> Requirement
Leaving out pictures, output exactly the lines below from the one that has "起工式には(株)相鉄アーバン" through the one that has "High Quality 400gsm", and nothing else.

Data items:

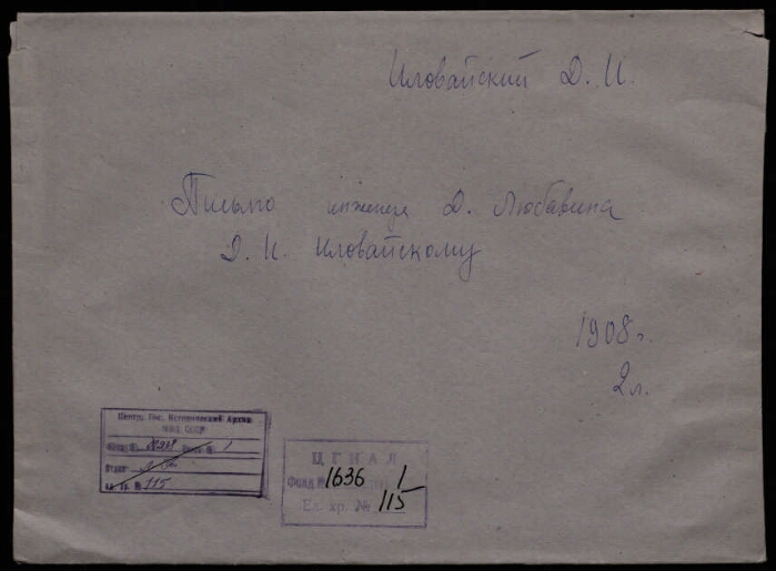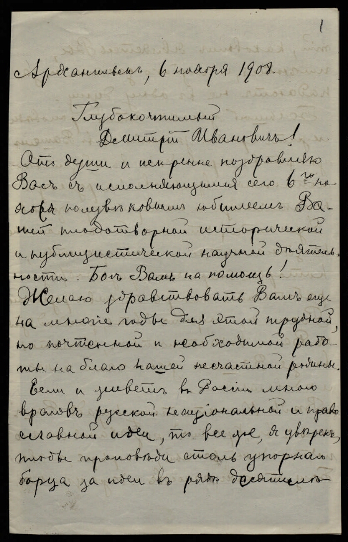 | Примечания | Заголовок дела также: Письмо Дмитрия Николаевича Любавина, инженера Управления Архангельского торгового порта, Д. И. Иловайскому от 6 ноября 1908 г. с поздравлением с 50-летним юбилеем его научной деятельности Рукописный текст. Чернила |
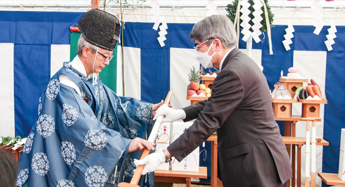 起工式には(株)相鉄アーバンクリエイツ、(株)相鉄ビルマネジメントの森村幹夫代表取締役社長のほか、建設会社や地権者会、泉ゆめが丘土地区画整理組合、地権者会の関係者なども出席。中田北にある御霊神社から小澤恵一宮司を招いて、厳かな雰囲気の中で神事が行われた。
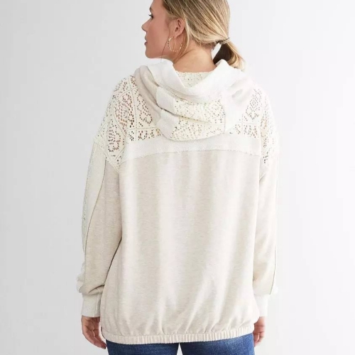High Quality 400gsm Cotton Sweatshirt Hoodies for Women Vintage Style with White Lace Sleeves and Hooded Collar for Autumn.
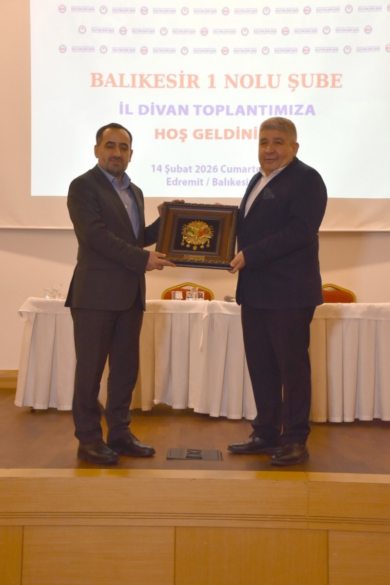 Divan Toplantısı Eğitim-Bir-Sen tanıtım filminin gösteriminin ardından, selamlama ve değerlendirme konuşması yapmak üzere Eğitim-Bir-Sen Balıkesir 1Nolu Şube Başkanı Ercan Kurter’in konuşması ile başladı. Kurter konuşmasının başında, gerek ülke genelinde gerekse Balıkesir özelinde yetkiyi elinde bulunduran teşkilat olarak emeğin ve emekçinin her zaman yanında olduklarını ifade etti. Başkan Kurter konuşmasına şöyle devam etti: "Temel hak ve özgürlükleri savunan, mali, sosyal ve özlük haklarını artıran, sağladığı 100 kazanımla eğitim çalışanlarının hakkının, itibarının, emeğinin, alın terinin teminatı olan bir sendikayız. Mevcut sorunların çözümünü sağlayacak olan da biziz. Toplu sözleşme hakkını alan, eksiklerine rağmen Öğretmenlik Meslek Kanunu için adım atılmasını sağlayan, 3600 ek göstergenin mimarı olan bir teşkilatız. Sözleşmelilerin kadroya geçirilmesini, nöbet görevine ücret ödenmesini sağlayan, öğretmen ve öğretim elemanlarının ek ödemelerini artıran, sınıf öğretmenlerine haftada iki saat ilave ek ders ücreti ödenmesini, toplu sözleşme ikramiyesi ile örgütlülüğü anlamlı kılan ve üyeye kazanç sağlayan da biziz" şeklinde konuştu.
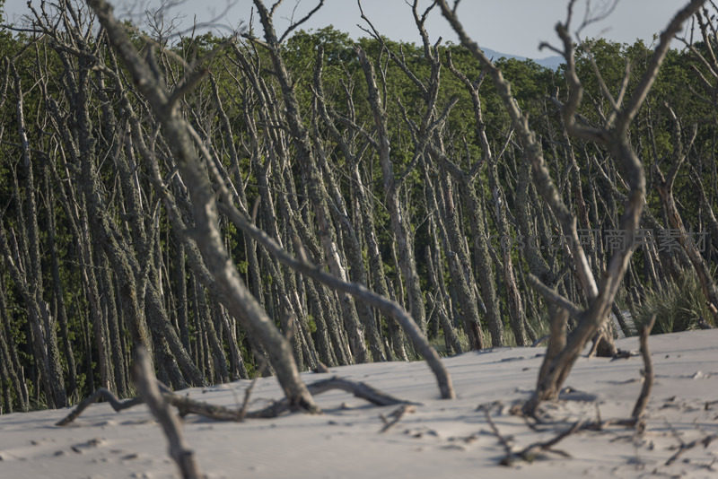干枯的树枝斜插在洁白的沙地上,背景是茂密的绿林,光影交错间营造出一种荒凉又诗意的独特美感。
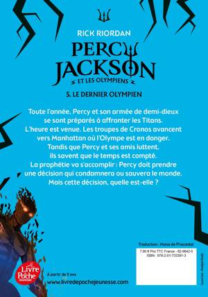 Toute l'année, Percy et son armée de demi-dieux se sont préparés à affronter les Titans. L'heure est venue. Les troupes de Cronos avancent vers Manhattan où l'Olympe est en danger. Tandis que Percy et ses amis luttent, ils savent que le temps est compté. La prophétie va s'accomplir : Percy prendra une décision qui condamnera ou sauvera le monde. Mais cette décision, quelle est-elle ?
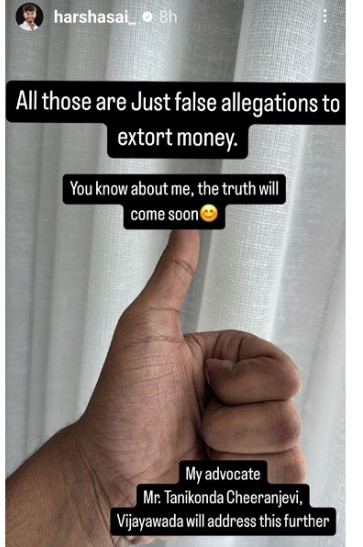 இந்த புகாரின் அடிப்படையில் ஹர்ஷா சாய் மீது பல்வேறு பிரிவுகளில் வழக்குப்பதிவு செய்துள்ள காவல்துறையினர் அவரை தேடி வருகின்றனர். தான் மீது சுமத்தப்பட்டது பொய் புகார் என்றும் தன் வழக்கறிஞர் இந்த புகாரை சட்டப்படி எதிர்கொள்வார் என்றும் சமூக வலைத்தளத்தில் பதிவிட்ட பின் செல் போனை சுவிட்ச் ஆப் செய்து விட்டு குடும்பத்துடன் தலைமறைவாகி விட்டார்.
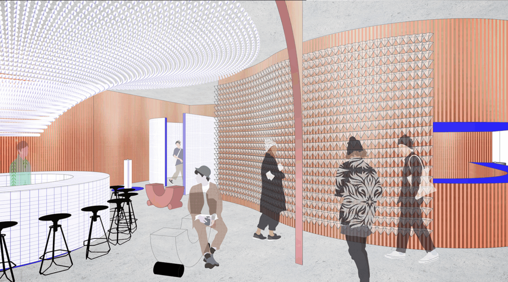 Alongside the concert venues, we were asked to design a modular, sustainable festival space – an adaptable assemble-disassemble structure that could be rapidly deployed, reconfigured, and reused across events, maintaining a coherent spatial and brand identity, delivering a consistent experiential quality, and creating a striking presence at night.
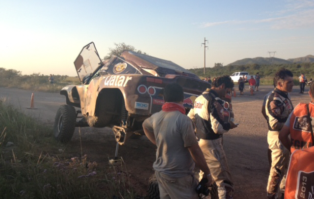 En diálogo con Cadena 3 desde el lugar donde se quedó el vehículo, Al Attiyah contó que se rompió un cojinete. "Tuvimos un problema adentro de la rueda y es imposible sacarlo", precisó. "Perdimos mucho tiempo, no pudimos arreglarlo y el service está muy lejos", agregó.
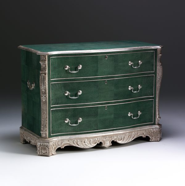 An important Chippendale inspired carved and silver gilt serpentine shagreen veneered commode, with silvered handles and escutcheons, taking its inspiration from the design of the mid 18th century.

> Response
 起工式には(株)相鉄アーバンクリエイツ、(株)相鉄ビルマネジメントの森村幹夫代表取締役社長のほか、建設会社や地権者会、泉ゆめが丘土地区画整理組合、地権者会の関係者なども出席。中田北にある御霊神社から小澤恵一宮司を招いて、厳かな雰囲気の中で神事が行われた。
High Quality 400gsm Cotton Sweatshirt Hoodies for Women Vintage Style with White Lace Sleeves and Hooded Collar for Autumn.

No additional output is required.